Le Conseil d’État ordonne l’expulsion des occupants d’installations illégales autour du centre d’accueil des migrants de Calais.
L’essentiel :
Le préfet du Pas-de-Calais a demandé que soit ordonnée l’expulsion de 72 installations précaires situées dans la zone d’accueil des migrants de Calais et abritant différents lieux de vente et commerces.
Le Conseil d’État relève que les occupants de ces installations ne disposent d’aucun titre pour occuper régulièrement les terrains en cause.
Il retient que ces installations présentent un risque important d’incendie et que les activités qui y sont exercées le sont dans des conditions sanitaires dangereuses. Certains trafics et la vente d’instruments pouvant servir d’armes ont en outre favorisé des tensions et des comportements violents dans la zone.

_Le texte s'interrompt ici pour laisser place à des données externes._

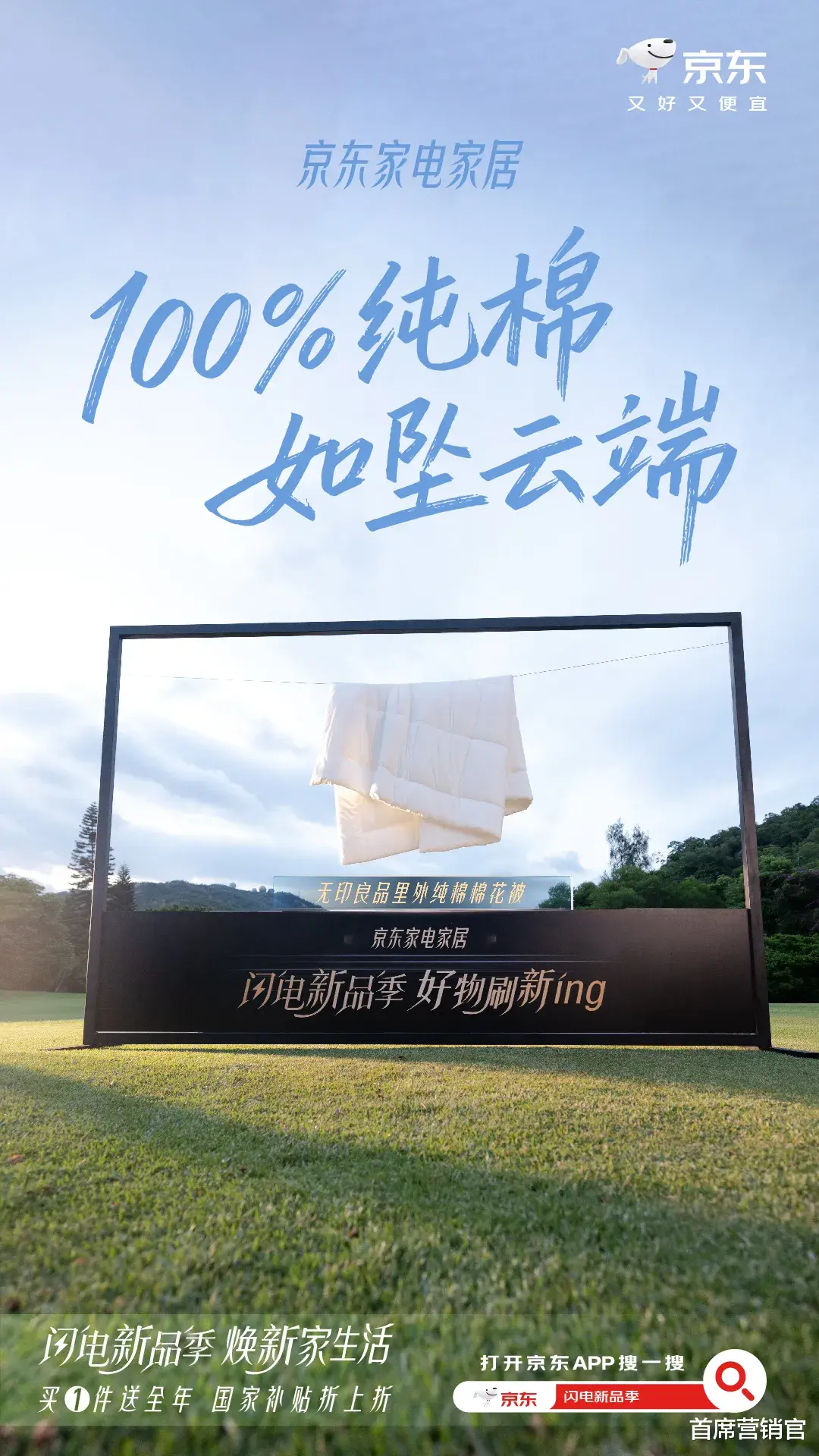 再说家居产品,为了让消费者体验其舒适性,京东倒反天罡地把芝华士的白月光功能沙发、喜临门玄武工学床垫、无印良品里外纯棉棉花被等都搬到了户外,把蓝天当屋顶,把大地当地板,把大自然当客厅、卧室、阳台,让人们可以随时随地躺平一下,淋一淋日光浴,晒一晒班味。

Malgré l’utilité que pouvait présenter ces installations pour les migrants, le Conseil d’État estime que les risques d’atteinte à l’ordre public justifient la libération de ces installations par leurs occupants.
Le cadre juridique :
La fermeture du centre de Sangatte en 2002 s’est traduite par la dispersion des migrants qu’il abritait sur le territoire de la commune de Calais, entraînant des occupations illicites de bâtiments et l’apparition de bidonvilles. Pour faire face à cette situation, les autorités publiques ont ouvert en mars 2015 un centre d’accueil et d’hébergement, le centre « Jules Ferry », dans une zone dite « zone nord », implantée en bordure d’un terrain dénommé « la Lande » au nord ouest de la ville. L’arrivée d’un grand nombre de migrants a conduit à la multiplication dans cette zone d’abris précaires servant d’hébergement ainsi que de lieux de vente ou de restauration.
Le 28 juillet 2016, le préfet du Pas de Calais a demandé au juge des référés du tribunal administratif de Lille d’ordonner l’expulsion des occupants de soixante-douze structures précaires abritant des lieux de vente illégaux recensés sur la zone nord. Le juge des référés du tribunal administratif a refusé de faire droit à cette demande le 12 août 2016. Le ministre de l’intérieur a alors contesté ce refus devant le Conseil d’État.
Le juge des référés ne peut faire droit à une demande d’expulsion sur le domaine public que si une telle mesure ne se heurte à aucune contestation sérieuse et si elle est urgente et utile.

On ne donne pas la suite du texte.